The purpose of the invention is a device that sprays the air, taken from a blower, through the membrane infinitesimally for various processes that supply oxygen to the micro organisms in an aeration tank to purify waste and related processes where sewage and waste waters are biologically processed. The membrane used for this purpose are the ones composed of single material and single layer such as EPDM, SILICON and NITRIL.
In this invention, the membrane may be manufactured by coating the PTFE on the multi layer structure or both surfaces of the conventional EPDM or NITRIL membrane (MEMBRANE 22), so that the acid-resistance, resistance to chemical, heat resistance, and the function that can prevent foreign elements from being adhered, which are the functions not owned by EPDM and NITRIL membrane, can be provided.
The invention for achieving the above purposes has the following characteristics:
This invention coats PTFE on both surfaces of membrane whose main material is EPDM or Nitril. It adds the characteristics of PTFE based on the physical property of EPDM membrane so that the functions and durability of the membrane within the sewage and waste water can increase.

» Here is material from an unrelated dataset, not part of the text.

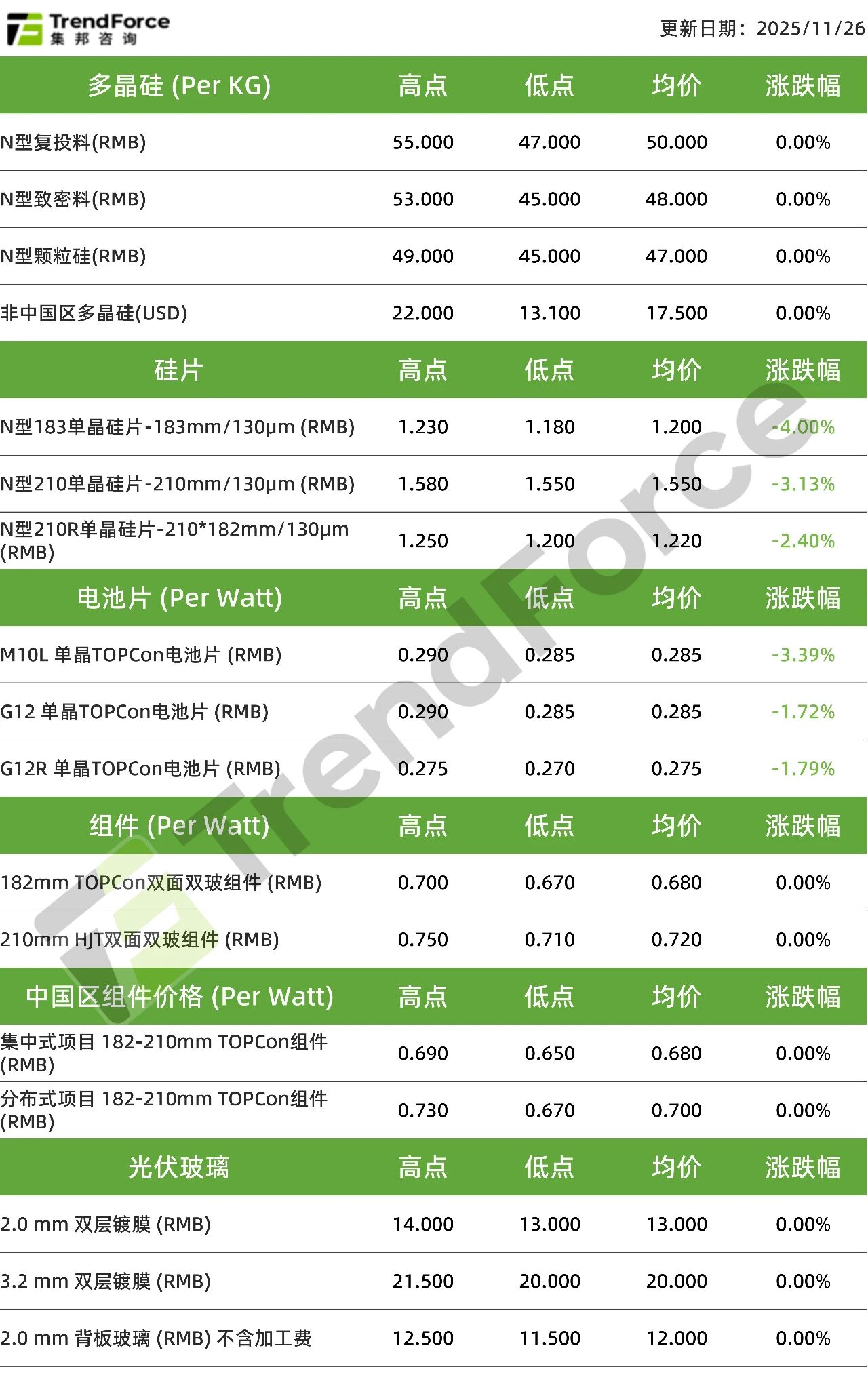 根据TrendForce集邦咨询旗下新能源研究中心《全球光伏产业链价格趋势月报》最新调研数据,多晶硅、光伏组件和玻璃各环节价格与上周持平,硅片、电池片环节出现价格波动。根据11月26日最新报价,N型复投料主流成交价格为50元/KG;N型致密...

Generally, in case of the multi-layered membrane with coating of EPDM and PTFE, the PTFE coating layer is likely to peel from the EPDM surface if there is no pre-treatment In aspects of PTFE layer coated after pre-treatment, the layer was processed through a hardening process from heat treatment so that PTFE coating layer should not rise during the manufacturing process of bending the layer or punching a pore.

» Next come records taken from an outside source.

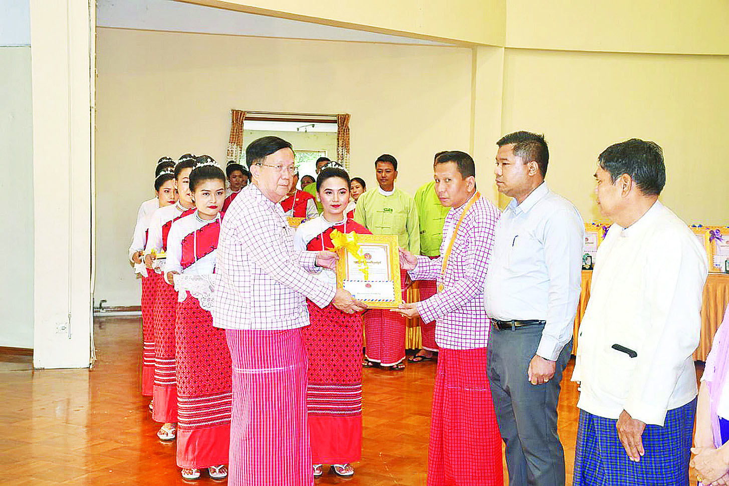ထို့နောက် နိုင်ငံတော်စီမံအုပ်ချုပ်ရေးကောင်စီအတွင်းရေးမှူး ဗိုလ်ချုပ်ကြီး အောင်လင်းဒွေးနှင့် ကောင်စီအဖွဲ့ဝင်များက ပြည်နယ်ဂုဏ်ထူးဆောင် ထူးချွန်ဆုများဖြစ်ကြသည့် စီးပွားရေးထူးချွန်မှု ဂုဏ်ထူးဆောင်ဆု၊ စိုက်ပျိုးရေးထူးချွန်မှု ဂုဏ်ထူးဆောင်ဆု၊ မွေးမြူရေးထူးချွန်မှုဂုဏ်ထူးဆောင်ဆု၊ စက်မှုလက်မှုထူးချွန်မှုဂုဏ်ထူးဆောင်ဆု၊ စီမံခန့်ခွဲရေးထူးချွန်မှုဂုဏ်ထူးဆောင်ဆု၊ ဝန်ဆောင်မှုထူးချွန်မှုဂုဏ်ထူးဆောင်ဆုနှင့် လူမှုရေးထူးချွန်မှုဂုဏ်ထူးဆောင်ဆုရရှိသူများကို ဆုများပေးအပ်ချီးမြှင့်ပြီး ဆုရရှိသူများနှင့်အတူ မှတ်တမ်းတင်ဓာတ်ပုံရိုက်ကြသည်။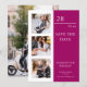 Simple Wedding Save The Date Photo Picture Invitation incluye cuatro de tus fotos favoritas, tres en la parte delantera y una al revés con el texto "Save the date" (Guardar la fecha) en una elegante y moderna tipografía con un fondo morado y blanco. Sencillo, moderno y elegante para la celebración del día de la boda. Diseñado por ©Evco Studio www.zazzle.com/store/evcostudio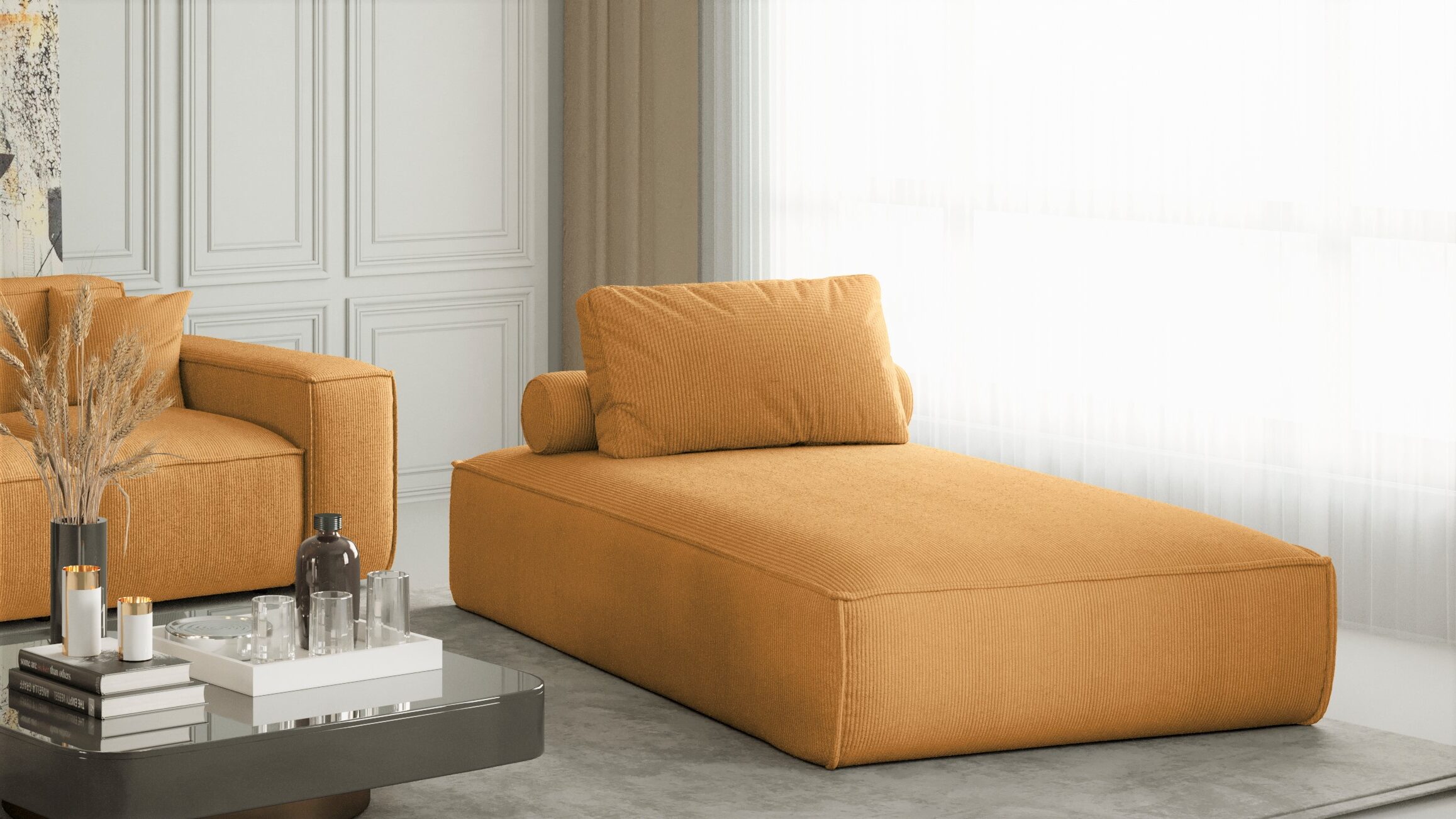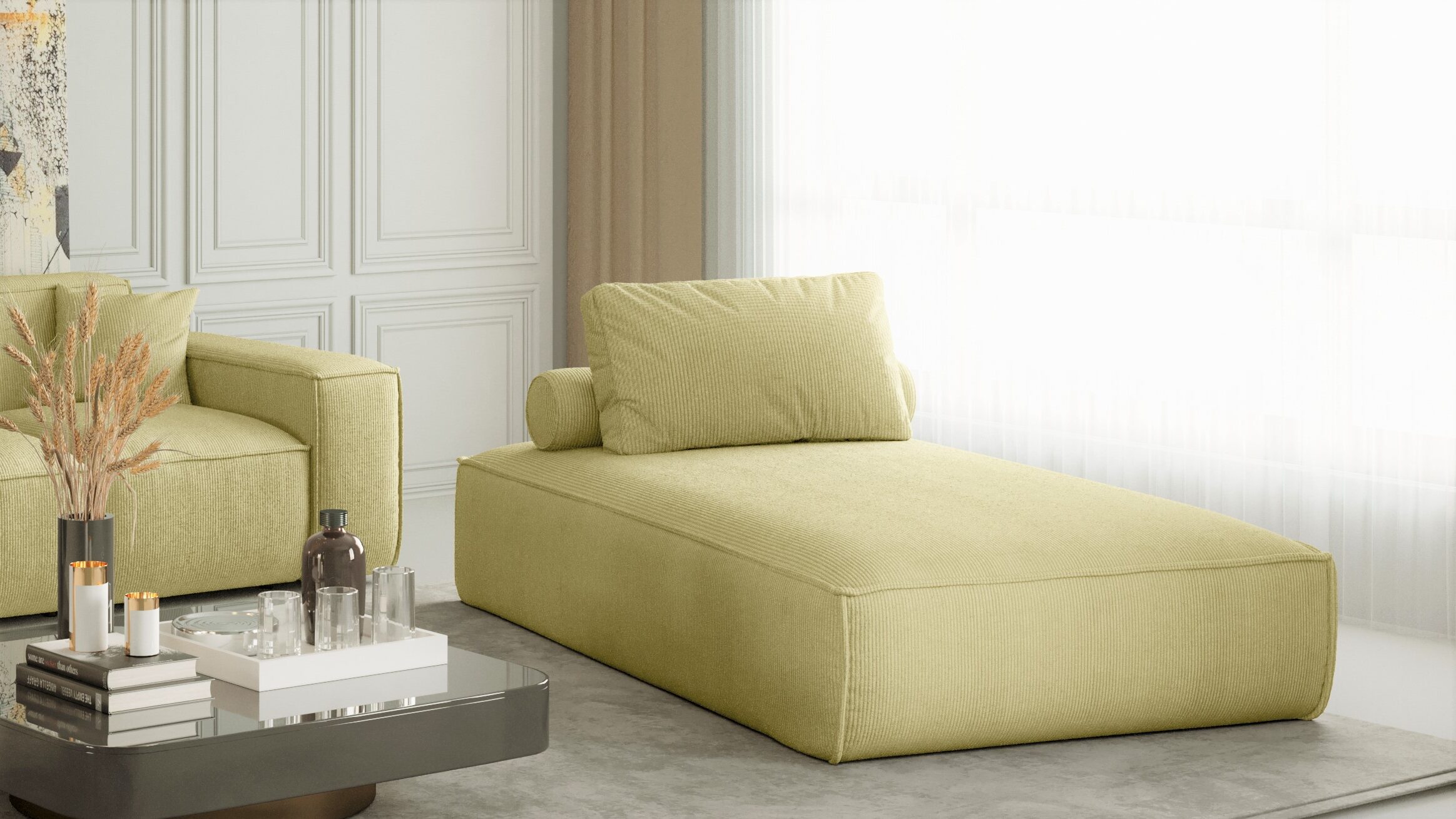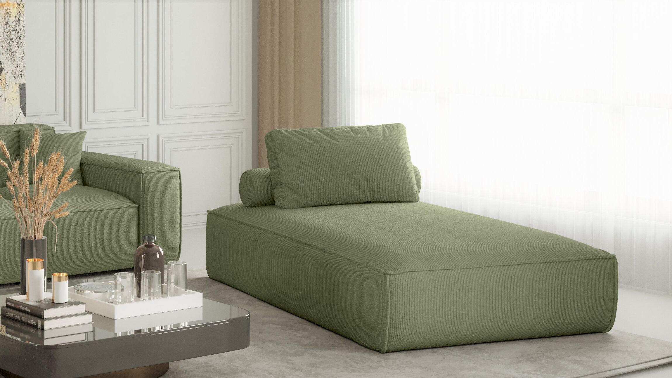 Das Sofa PULA Chaiselongue ist ein Designprodukt, das bequem ist, sich angenehm anfühlt und aus Materialien höchster Qualität besteht. Das Chaiselongue PULA erfüllt hohe ästhetische und qualitative Ansprüche. Das Sofa ist so konstruiert, dass es mitten im Raum stehen kann, da die Details der Verarbeitung sowohl von vorne als auch von hinten zu sehen sind.

The air diffuser of PTFE coating membrane of this invention has the characteristics as follows, it prevents suspended solids from being adhered under water during a process where air is sprayed within the aeration tank of the sewage and surface water treatment system. Also, it has superior acid resistances and strong resistance to chemical.
Figs. 4 to 6 provide illustrations of a practical example according to this invention as shown below.

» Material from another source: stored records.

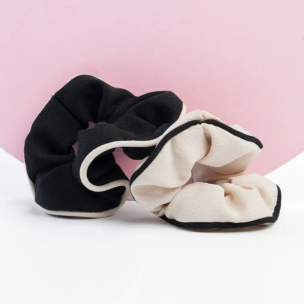 The classic black and cream shades match every outfit and make these scrunchies a timeless addition to your hair accessories. Whether you have a casual day or are going out for the evening, these scrunchies give your look that little extra.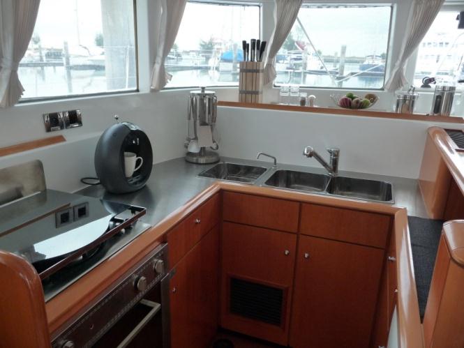 The fully equipped galley positioned slightly below on the port side has a four-burner hob with automatic lighting, a large oven and grill, a fridge and a double-drawer dish-washer and micro-wave.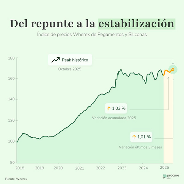 Mientras llega la nueva herramienta de los Índices de Mercado by Wherex, seguimos trayendo uno cada semana. La categoría de pegamentos y siliconas fue una de las más afectadas por las disrupciones químicas y logísticas, llegando a un máximo histórico en 2025 —con un aumento del 2.73% en lo que va del año—. Esto no solo refleja una nueva normalidad en los costos de la industria: también abre la posibilidad de renegociar y remarca la necesidad de poner un ojo sobre materias primas como resinas y solventes. En Latinoamérica, los precios de pegamentos y siliconas siguen dependiendo de los cambios en el dólar y la volatilidad de los fletes marítimos. Aunque las presiones de la pandemia han quedado atrás, la vulnerabilidad logística o los retrasos en puertos clave se vuelven prioridad para el suministro.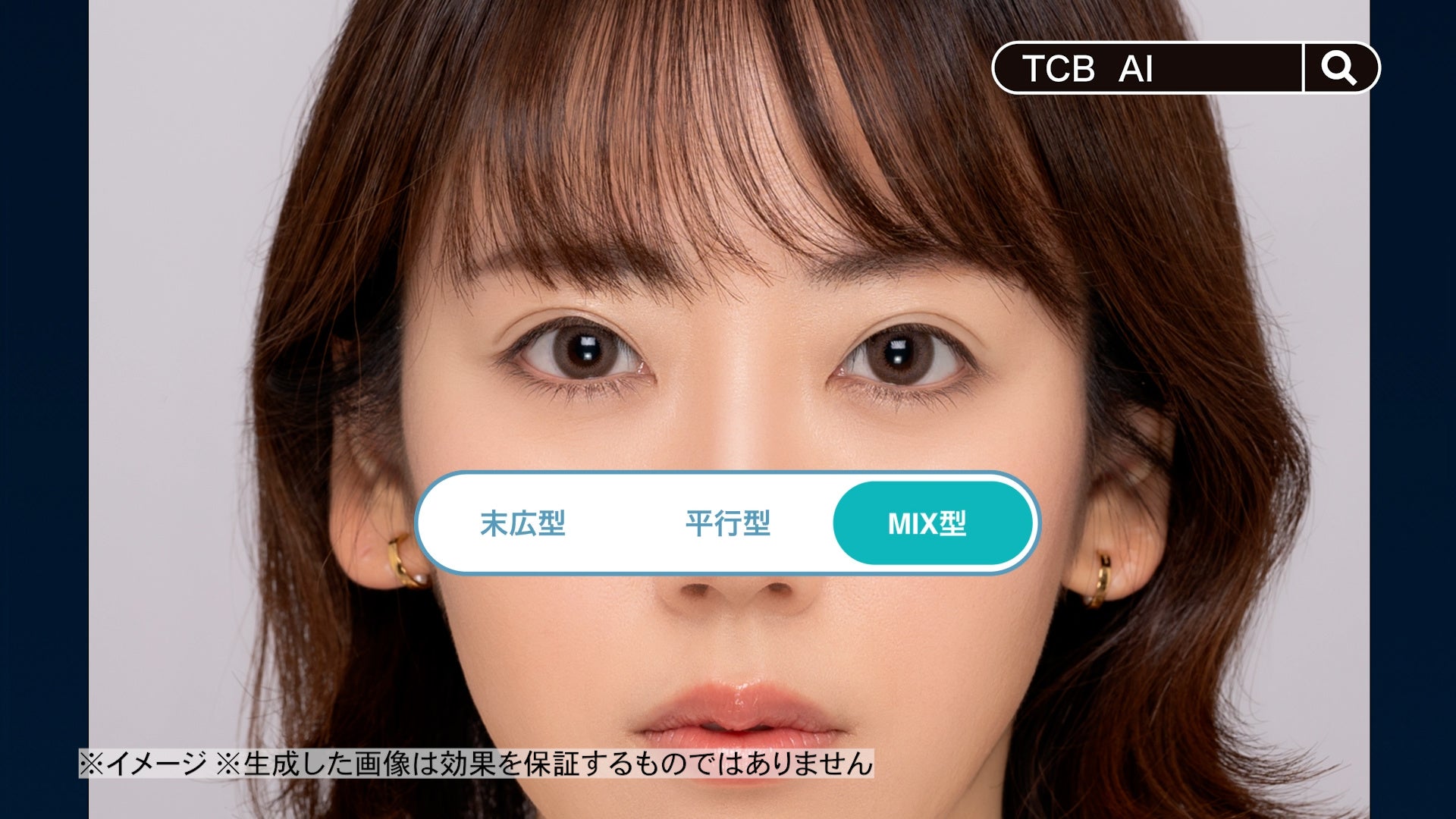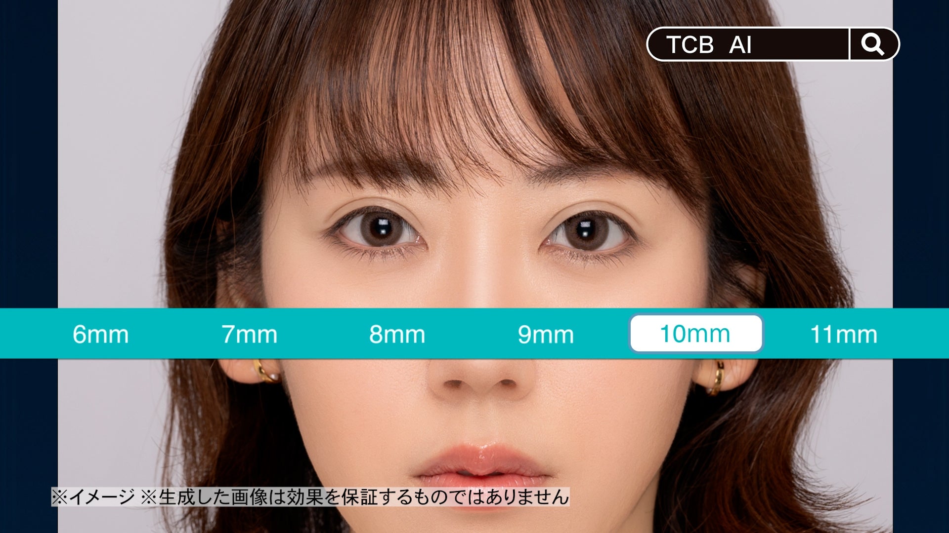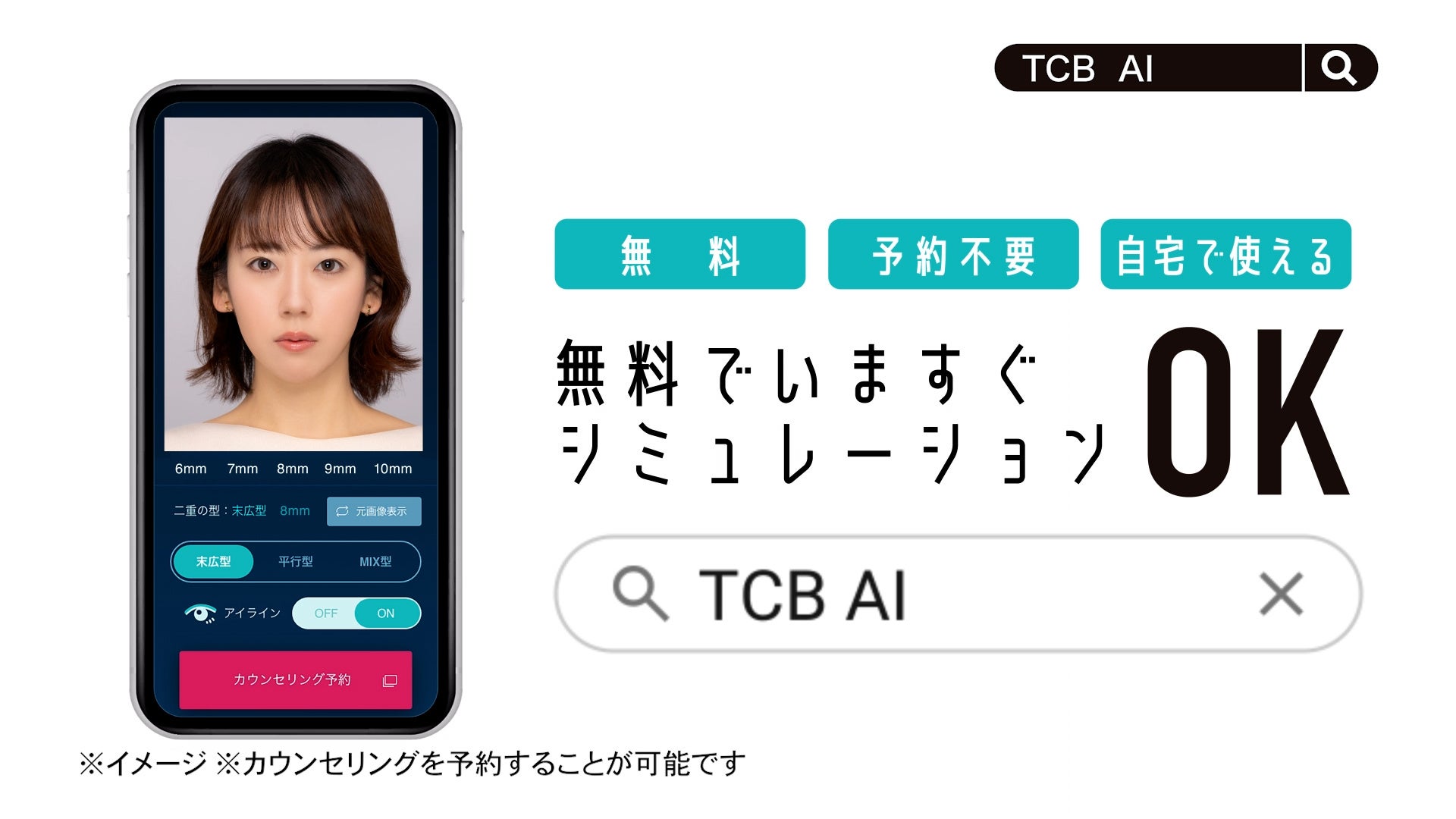 「美容医療は、ファッションへ。」のキャッチフレーズとともに、TCBのCMの象徴ともなっている二重術シミュレーション。これまではクリニックでのカウンセリングの際にアナログ的な手法で行っていましたが、この度、10万件以上に及ぶTCBの症例実績を活かしてAIシミュレーターを開発。来院せずとも自宅などでスマホで撮影した写真を用いて、誰でもお手軽に二重術の仕上がりをシミュレーションすることが可能となりました。カウンセリング予約も不要で、どなたでも無料でお使いいただけます。

The compositions of the membrane air diffuser according to this invention are represented. The multi layered membrane (membrane 13) is assembled into the air diffuser (Base 11) and this assemble is tightened by a retaining nut (retaining nut 12). As for the function of the membrane air diffuser, the multilayered membrane (membrane 13) tightened by a retaining nut and expanded by the air supplied through the orifice of the air diffuser base and at this time many slits, which were made by punching over the effective surface of the membrane, are opened while vomiting equal fine bubbles of 1-2mm sizes.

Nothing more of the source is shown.